We now have .bam files which are ready to go for downstream processing. But we haven’t really looked at the mapping quality yet. We can do so with the tool Qualimap. Run the following:

for bam in output_files/*_deduplicated.bam; do
    sample=$(basename "$bam" .bam)
    /softwares/qualimap_v2.2.1/qualimap bamqc \
        -bam "$bam" \
        -outdir output_files/qualimap_results/${sample}_qualimap \
        -outformat HTML
done

It will create an bunch of files, and store them in a qualimap_results folder (note that you asked it to create this folder to put all the output files in). Download the entire folder (just like you did with the FastQC results) and look at the html file it in your browser. Because Qualimap does not embed the images in their html files (unlike FastQC), you need to download the entire folder. Take a look at the images at the bottom of the report (you can click the links on the right side of the page), especially the coverage across the reference and coverage histogram. It should look something like this: qualimap

The next step will be different from the variant filtering we’ve done for the high depth samples. Because these are low depth samples (~3X), we cannot call hard genotypes with certainty. Imagine you have a position with 2X or 3X coverage, how certain would you be this truly is homozogous if you only find 1 allele? So instead we’ll use genotype likelihoods as implemented in ANGSD. The next section deals with genotype-likelihood computation and probabilistic SNP filtering.
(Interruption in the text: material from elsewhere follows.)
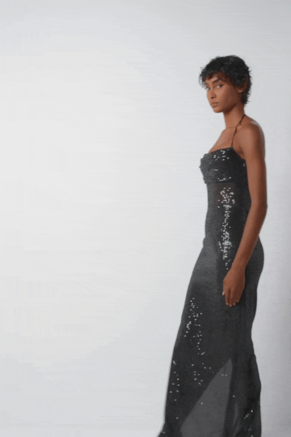 Embrace timeless glamour with our "Glistening Elegance Dress." This exquisite sequined maxi features a fitted silhouette, a soft neckline, and a delicate tulle waist insert, creating a breathtaking look for any special occasion.
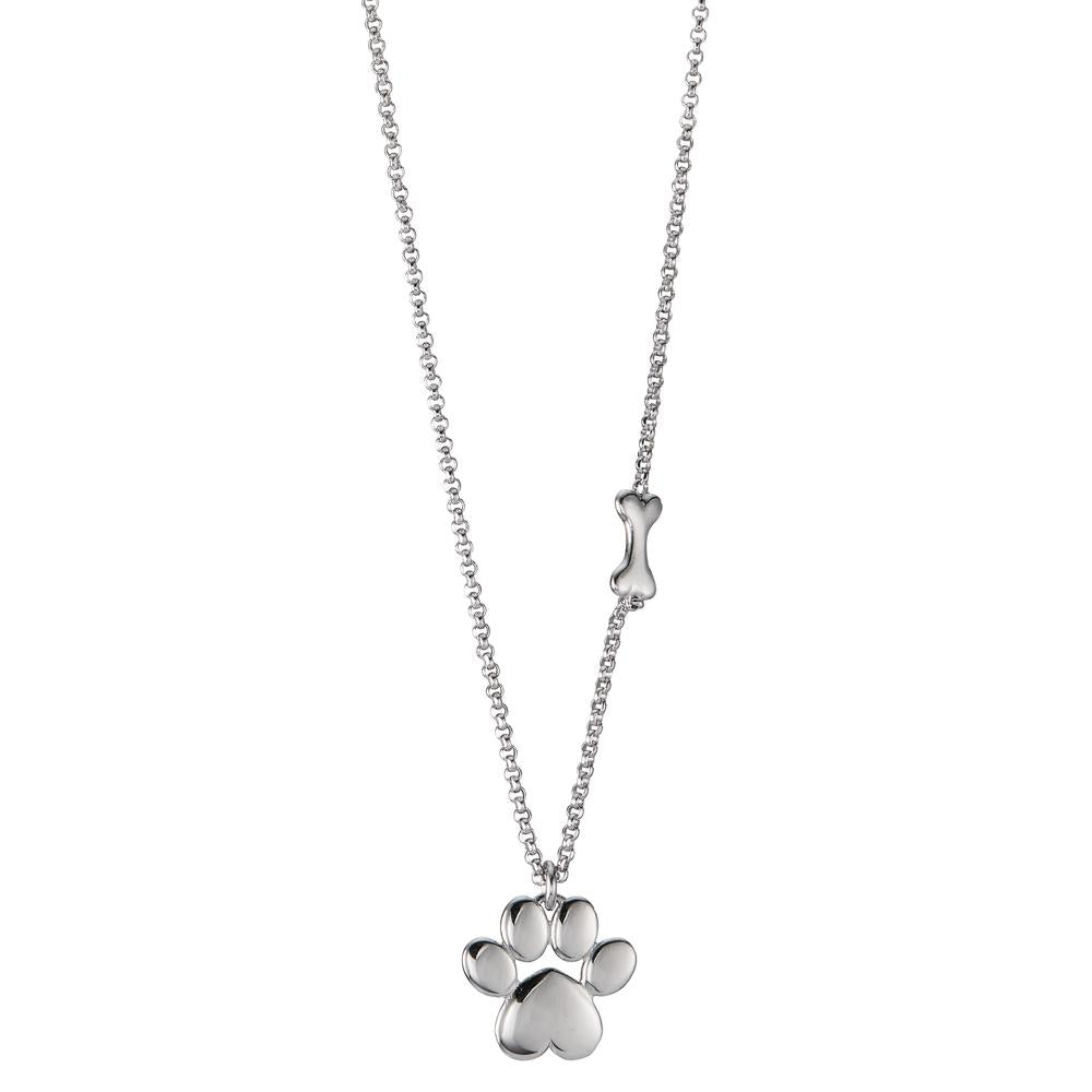 Dieses Damen-Collier aus hochwertigem Silber besticht durch seinen liebevollen Pfoten-Anhänger und ein kleines Knochendetail am feinen Gliederkettchen. Ein stilvolles und verspieltes Schmuckstück für Tierliebhaberinnen, das jeden Look charmant ergänzt.

Housekeeping: we have created quite a few large files, and it is good practice to delete what you don’t need anymore. You could for example delete the .sam files, and the _sorted.bam files which were later deduplicated. You can remove files with rm, but be careful! It will not ask you if you’re certain and it cannot be undone. Always keep the raw data, and keep the final .bam files as they will be needed for the variant calling.